I didn't have an answer to share with my loved ones at that time. Or, at least not one that did not feel hollow and false.
However, my mother, of course, did. Did I write down her exact phrase, no, becasue if you'll recal, angsty. But this is the gist:
"Because, though it sometimes feels that there is no hope in turning to the Savior, there is truly no hope in turning to the world."
Mothers, we could never deserve them, could we? No matter what we do, just like the Savior, we will forever be in their debt.
Because it's true, though it sometimes feels there is no point in following the Savior, in doing our best to be like Him and lean on Him, like we are getting nothing out of it, we really are.
On the contrary, if we turn to the world in our sorrows, we give it our hopes and our desires, our worries and our heartaches, it will give nothing in return. It will guarantee nothing.
The Savior, promises everything. He promises unspeakable joy, dreams beyond what we can imagine, forgiven sins, healed wounds, sorrows forgotten, miracles and wonders, a constant stability, an unfailing love, a listening ear, best interests, pure and total empathy, grace, mercy, salvation. This list goes on and on and on. All this and more is secured in the love of our Savior.
Even if we can't feel it. Even if we don't see it. Even when we don't understand, it is always there.
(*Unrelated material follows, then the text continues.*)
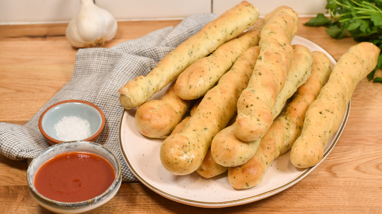 Many dried herbs can offer stronger flavors than fresh herbs, so it will not take much Italian seasoning to spruce up homemade baked breadsticks. It's exactly how Tasting Table recipe developer Alexander Roberts achieves next-level flavor in our easy garlic and herb breadsticks. In the recipe, Roberts uses just 1½ teaspoons of Italian seasoning combined with kosher salt, freshly chopped parsley, and minced garlic cloves that are mixed into the dough, which is enough to make 10 breadsticks. Use your favorite brand of Italian seasoning to make it happen or create a homemade batch with the dried herbs in your spice cabinet.

That's an eternal truth, it cannot be argued, no matter how much we, or the world, try to argue it.
Christ's love is real, and it is sure.
Oakley Ann runs up to the house every single time, trusting in me, an imperfect human, to bring her the aid she needs. If she can do that, how can I not trust Him?
He is there. He is wrapping my wounds, plucking the thorns from my soul, pointing me in the right direction, crying with me when it hurts, and smiling joyfully at what is to come.
He is there, we can trust it. Always.
That doesn't mean it's not hard. That doesn't mean that I don't feel really, really abandoned right now. That doesn't mean that I'm not at a complete loss for where this ride called life is taking me. But it also doesn't change the truth.
Faithfully, with total trust, we can run to Him, and He will always be there to help us.